При этих ее словах и он не смог сдержать улыбки.
— Преступницы, — сказала она. — Нам надо было быть осторожными. Это было в 1949 году, в разгар всех моих неприятностей с правлением школы Монтарио. Ты вполне мог бы войти; собственно, ты ведь и входил. Я помню. В какой-то месяц у меня не нашлось мелочи, и я пригласила тебя войти. Это было зимой. И ты вошел и сидел в гостиной, пока я шарила по всему чертову дому в поисках мелочи. Дома никого, кроме меня, не было. В конце концов я нашла полтора доллара в чьем-то ящике.

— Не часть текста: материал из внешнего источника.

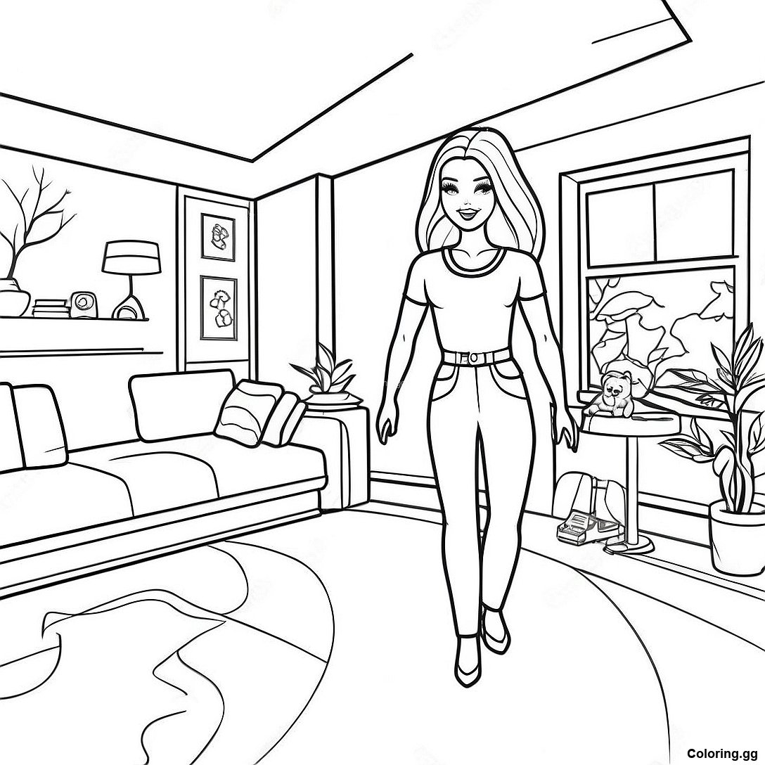 ดาวน์โหลด PDF ที่พิมพ์ได้ของ ระบายสี Barbie ในบ้านในฝัน
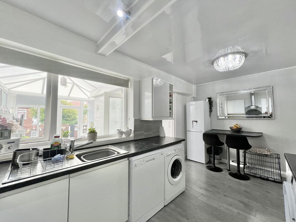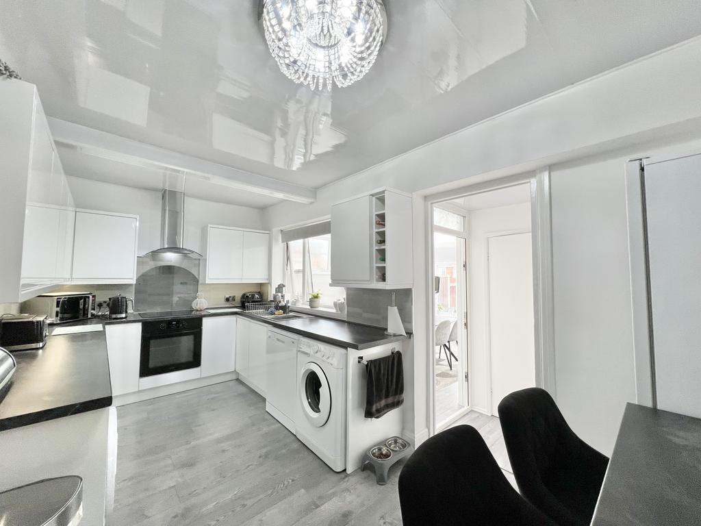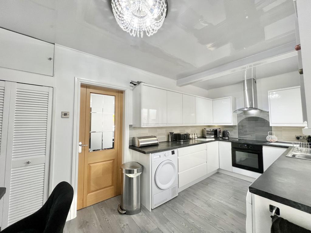 UPVC double glazed window to the rear aspect. Modern fitted kitchen with a range of wall and base units with complimentary work tops, integrated oven and induction hob with extractor fan over, sink and drainer with mixer tap, space for fridge freezer under stairs storage cupboard, plumbing for washing machine, dryer and dishwasher.
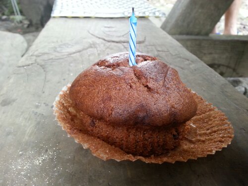 But we made it to the shelter in one piece and mostly dry, and that night Tank pulled a giant chocolate muffin from his pack as a surprise for my birthday. He’d hiked with it for two days since Damascus and somehow managed to keep it intact. When every ounce in the pack makes a difference, that kind of gesture means a ton…he even brought a candle. And the muffin was delicious. I had every intention of sharing it with the others around the shelter until I took my first bite and immediately scarfed down the rest.
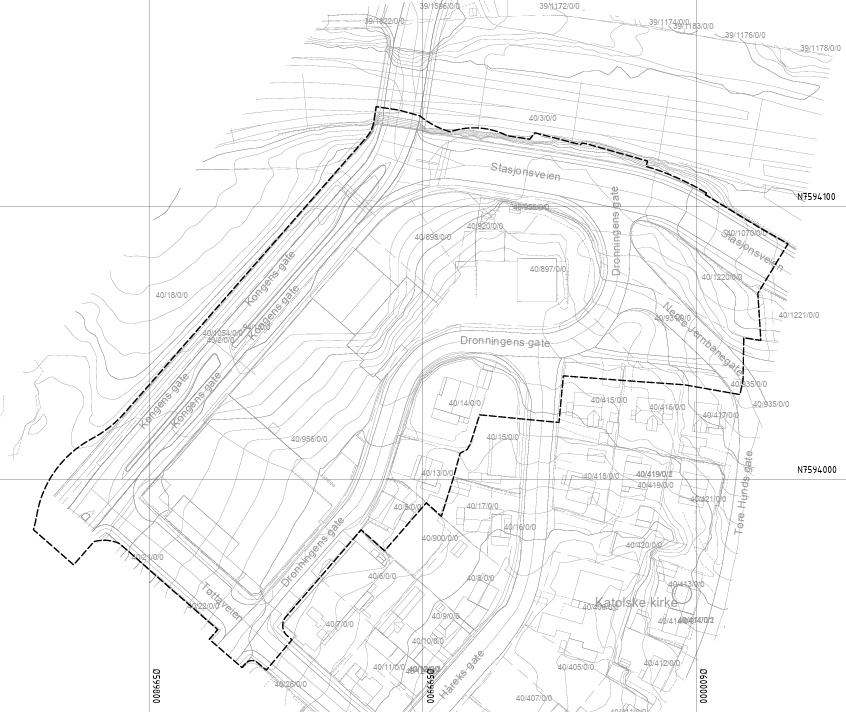 Planarbeidet omfatter eiendommene gnr./bnr. 40/897, 898, 920 og 956 m.fl. i Narvik sentrum. Planområdet er vist med svart, stiplet linje på kartutsnittet. Hensikten med reguleringsarbeidet er å legge til rette for etablering av nytt hotell, og vurdere muligheten for utvidelse og påbygg av eksisterende kjøpesenter, Thon Senter Narvik. Utvidelsen av kjøpesenteret innebærer etablering av nytt næringsareal med kontor og private helsefunksjoner. Det planlegges å integrere hotellfunksjonen med kjøpesenteret og nytt næringsareal for å få en helhetlig sammenheng mellom eiendommene.
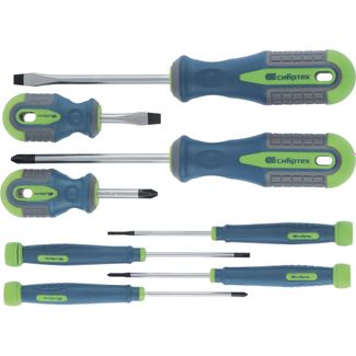 Предназначен для монтажа и демонтажа резьбовых соединений.Стержни отверток изготовленыиз качественной хромованадиевой сталис хромовым покрытием, устойчивымк воздействию коррозии.Рабочие концы намагничены, имеют фосфатированное покрытие. В набор входят отвертки для точных работ с крутящимся затыльником.Твердость рабочейчасти 50-52 HRC.Отвертки:PH2 x 100 ммSL6 x 100 ммSL6 x 38 ммPH2 x 38 ммМини-отвертки:PH0 x 40 ммPH000 x 40 ммSL3.0 x 40 ммSL2.0 x 40 мм None Страна производства: Китай

Он помнил, как сидел в одиночестве посреди огромной пустой гостиной с пианино и камином, пока мисс Рубен где-то наверху искала деньги. Он слышал, как она в раздражении сыплет проклятиями, и чувствовал себя не более чем помехой. На кофейном столике лежала раскрытая книга… она ее читала. Пока ее не прервал мальчишка-разносчик в полвосьмого вечера. Как мне от него избавиться? Черт, где же мелочь? А он, сидя внизу, все пытался придумать какую-нибудь яркую фразу, чтобы пустить ее в ход, когда она снова появится, какое-нибудь замечание о книгах, стоявших в шкафу. Он лихорадочно их рассматривал, но ни одна из них не была ему знакома. Только названия виделись ему сквозь пот и испуг, которые лишали его дара речи и настолько оглупляли, что, когда она вернулась, он был не в состоянии что-либо сделать, кроме как взять у нее деньги, поблагодарить, пожелать доброй ночи и снова выйти за дверь.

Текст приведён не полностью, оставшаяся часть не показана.